Answering the Question: What Is Enlightenment? (German: Beantwortung der Frage: Was ist Aufklärung?) is a 1784 essay by the philosopher Immanuel Kant. In the December 1784 publication of the Berlinische Monatsschrift (Berlin Monthly), edited by Friedrich Gedike and Johann Erich Biester, Kant replied to the question posed a year earlier by the Reverend Johann Friedrich Zöllner, who was also an official in the Prussian government. Zöllner's question was addressed to a broad intellectual public community, in reply to Biester's essay entitled: "Proposal, not to engage the clergy any longer when marriages are conducted" (April 1783) and a number of leading intellectuals replied with essays, of which Kant's is the most famous and has had the most impact. Kant's opening paragraph of the essay is a much-cited definition of a lack of Enlightenment as people's inability to think for themselves due not to their lack of intellect, but lack of courage.
Kant's essay also addressed the causes of a lack of enlightenment and the preconditions necessary to make it possible for people to enlighten themselves. He held it necessary that all church and state paternalism be abolished and people be given the freedom to use their own intellect. Kant praised Frederick II of Prussia for creating these preconditions. Kant focused on religious issues, saying that "our rulers" had less interest in telling citizens what to think in regard to artistic and scientific issues.
Kant answers the question in the first sentence of the essay: "Enlightenment is man's emergence from his self-incurred immaturity." He argues that the immaturity is self-inflicted not from a lack of understanding, but from the lack of courage to use one's reason, intellect, and wisdom without the guidance of another. He exclaims that the motto of enlightenment is "Sapere aude"! – Dare to be wise!

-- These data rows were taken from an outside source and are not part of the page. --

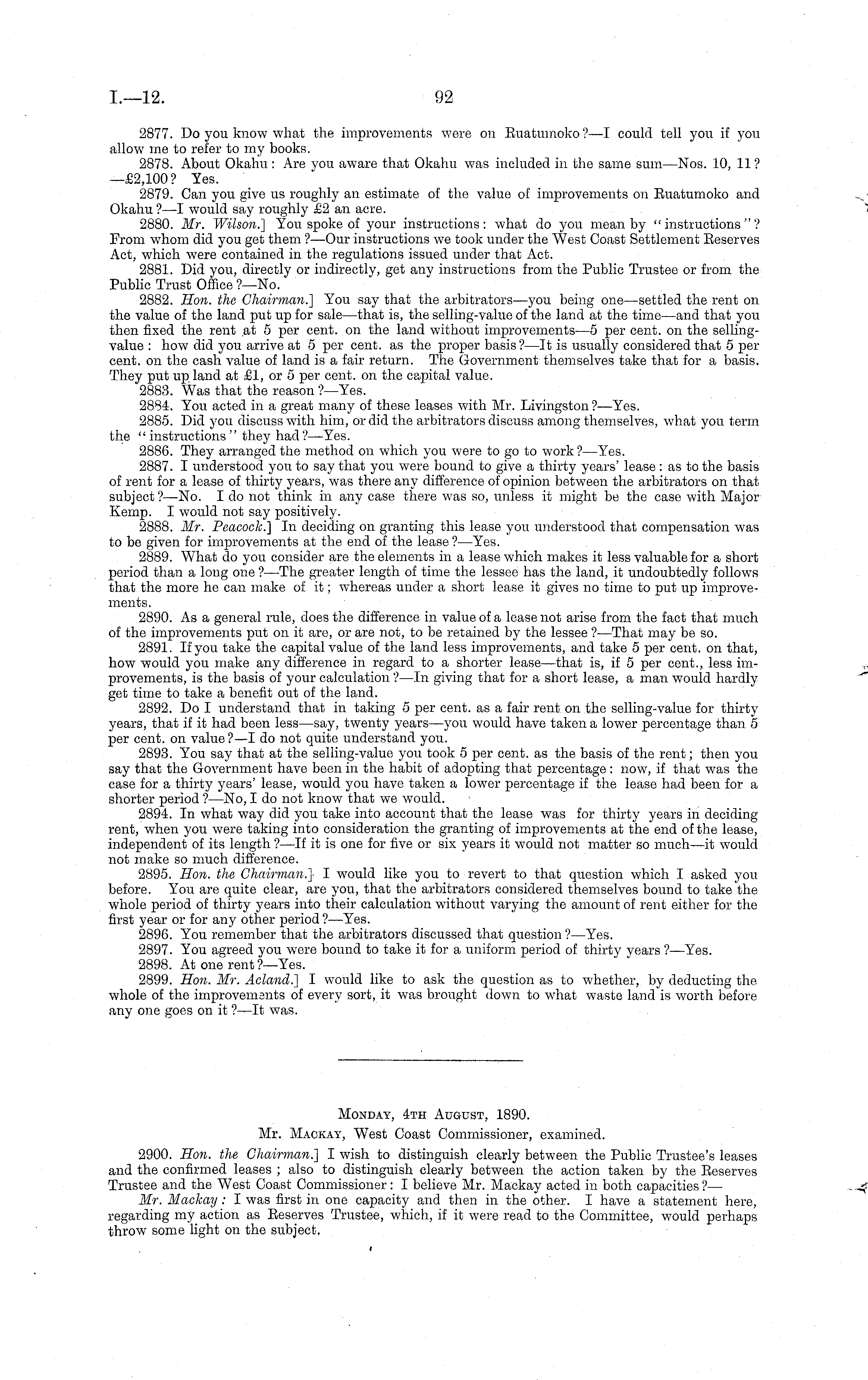 2877. Do you know what the improvements were on Ruatumoko? —I could tell you if you allow me to refer to my books. 2878. About Okahu : Are you aware that Okahu was included in the same sum —Nos. 10, 11? —£2,100? Yes. 2879. Can you give us roughly an estimate of the value of improvements on Ruatumoko and Okahu ? —I would say roughly £2 an acre. 2880. Mr. Wilson.] You spoke of your instructions: what do you mean by "instructions"? From yvhom did you get them ?—Our instructions we took under the West Coast Settlement Reserves Act, which were contained in the regulations issued under that Act. 2881. Did you, directly or indirectly, get any instructions from the Public Trustee or from the Public Trust Office ?—No. 2882. Hon. the Chairman.] You say that the arbitrators—you being one —settled the rent on the value of the land put up for sale —that is, the selling-value of the land at the time—and that you then fixed the rent at 5 per cent, on the land without improvements—s per cent, on the sellingvalue : how did you arrive at 5 per cent, as the proper basis? —It is usually considered that 5 per cent, on the cash value of land is a fair return. The Government themselves take that for a basis. They put up land at £1, or 5 per cent, on the capital value. 2883. Was that the reason ?—Yes. 2884. You acted in a great many of these leases with Mr. Livingston ? —Yes. 2885. Did you discuss with him, or did the arbitrators discuss among themselves, what you term the "instructions" they had?— Yes. 2886. They arranged the method on which you were to go to work ? —Yes. 2887. I understood you to say that you were bound to give a thirty years' lease : as to the basis of rent for a lease of thirty years, was there any difference of opinion between the arbitrators on that subject?— No. I do not think in any case there was so, unless it might be the case with Major Kemp. I would not say positively. 2888. Mr. Peacock.] In deciding on granting this lease you understood that compensation was to be given for improvements at the end of the lease ? —Yes. 2889. What do you consider are the elements in a lease which makes it less valuable for a short period than a long one ? —The greater length of time the lessee has the land, it undoubtedly follows that the more he can make of it; whereas under a short lease it gives no time to put up improvements. 2890. As a general rule, does the difference in value of a lease not arise from the fact that much of the improvements put on it are, or are not, to be retained by the lessee ? —That may be so. 2891. If you take the capital value of the land less improvements, and take 5 per cent, on that, how would you make any difference in regard to a shorter lease—that is, if 5 per cent., less improvements, is the basis of your calculation ? —ln giving that for a short lease, a man yvould hardly get time to take a benefit out of the land. 2892. Do I understand that in taking 5 per cent, as a fair rent on the selling-value for thirty years, that if it had been less —say, twenty years—you would have taken a lower percentage than 5 per cent, on value ?—I do not quite understand you. 2893. You say that at the selling-value you took 5 per cent, as the basis of the rent; then you say that the Government have been in the habit of adopting that percentage : now, if that was the case for a thirty years' lease, would you have taken a lower percentage if the lease had been for a shorter period ?—No, I do not know that we would. 2894. In what way did you take into account that the lease was for thirty years in deciding rent, when you were taking into consideration the granting of improvements at the end of the lease, independent of its length ?—lf it is one for five or six years it would not matter so much—it would not make so much difference. 2895. Hon. the Chairman.} I would like you to revert to that question which I asked you before. You are quite clear, are you, that the arbitrators considered themselves bound to take the whole period of thirty years into their calculation without varying the amount of rent either for the first year or for any other period ?—Yes. 2896. You remember that the arbitrators discussed that question?— Yes. 2897. You agreed you were bound to take it for a uniform period of thirty years ?—Yes. 2898. At one rent?— Yes. 2899. Hon. Mr. Acland.] I would like to ask the question as to whether, by deducting the whole of the improvements of every sort, it was brought down to what waste land is worth before any one goes on it ?—lt was.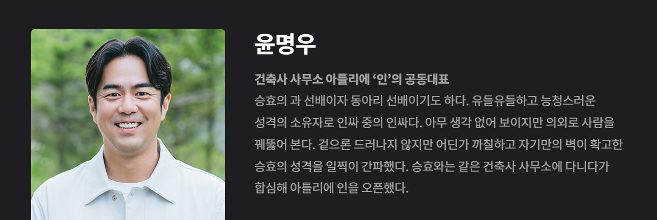 윤명우는 최승효와 함께 건축 사무소 아틀리에 '인'을 공동으로 운영하는 파트너이자, 승효의 과거 동아리 선배입니다. 그는 승효의 건축가로서의 성장을 가까이에서 지켜보며 조언을 아끼지 않는 든든한 조력자입니다. 윤명우는 가정에서도 쌍둥이 아빠로서, 시험관 시술을 통해 어렵게 얻은 아이들을 키우느라 늘 피곤한 상태지만, 일에서는 철두철미한 태도를 유지합니다. 그는 승효와의 파트너십을 통해 건축 사무소를 성공적으로 이끌어 나가며, 때로는 그의 개인적인 고민을 들어주는 역할도 합니다. 윤명우는 드라마 속에서 승효에게 가장 가까운 어른이자 친구로, 그의 심리적 안정감을 지탱해 주는 중요한 인물입니다.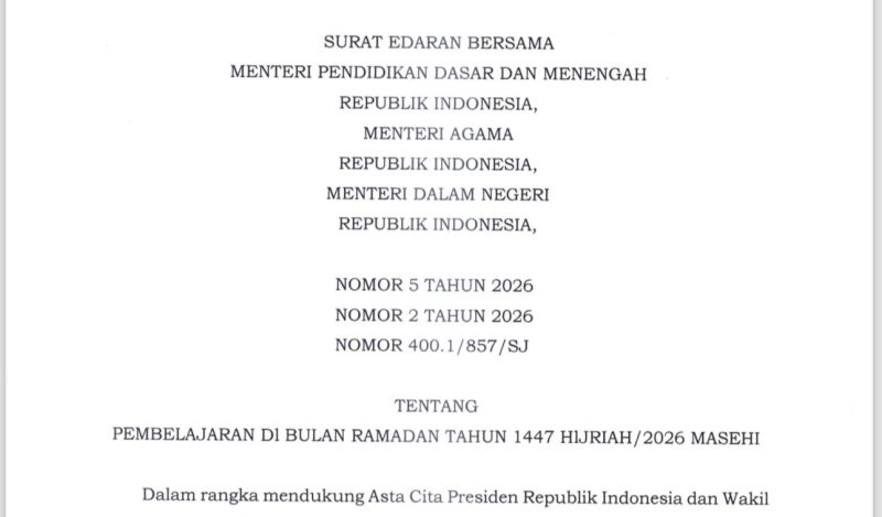 Nusantaraterkini.co, JAKARTA - Pemerintah melalui Kementerian Agama (Kemenag), Kementerian Pendidikan Dasar dan Menengah (Kemendikdasmen) serta Kementerian Dalam Negeri (Kemendagri) menerbitkan Surat Edaran Bersama (SEB) tentang Pembelajaran di Bulan Ramadan Tahun 1447 Hijriah/2026 Masehi.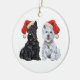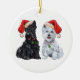 Este enfeite Scottie & Westie ficará ótimo na árvore de Natal e durante todo o ano! Compre um para você ou para aquele amigo que ama Scottie! Criado a partir da minha arte original, este Terrier Escocês certamente agradará!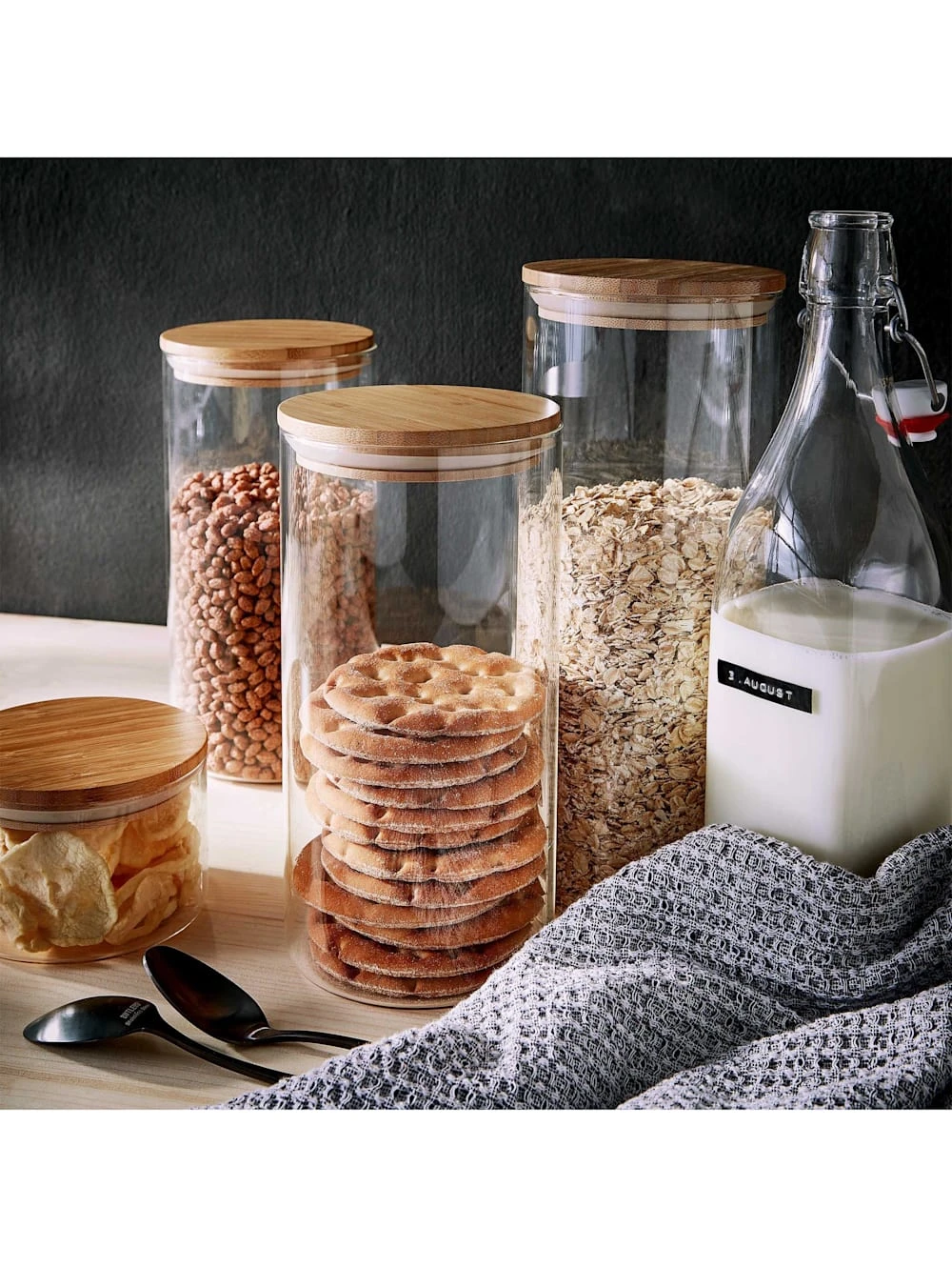 Das moderne Woodlock Vorratsglas 1750 ml mit Bambus-Deckel setzt auf hochwertiges Borosilikatglas, das auch im Labor für seine unempfindliche Art gegenüber Temperaturschwankungen und chemische Einflüsse geschätzt wird. Sogar in der Raumfahrt hat sich dieser Werkstoff bewährt, so dass Sie ihm Zucker, Mehl & Co. bedenkenlos anvertrauen können. Verschiedene Größen erhältlich.

The German word "Unmündigkeit" means not having attained age of majority or legal adulthood. "Unmündig" also means "dependent" or "unfree", and another translation is "tutelage" or "nonage" (the condition of "not [being] of age"). Kant, whose moral philosophy is centred on the concept of autonomy, here distinguishes between a person who is intellectually autonomous and one who keeps him/herself in an intellectually heteronomous, i.e., dependent and immature status.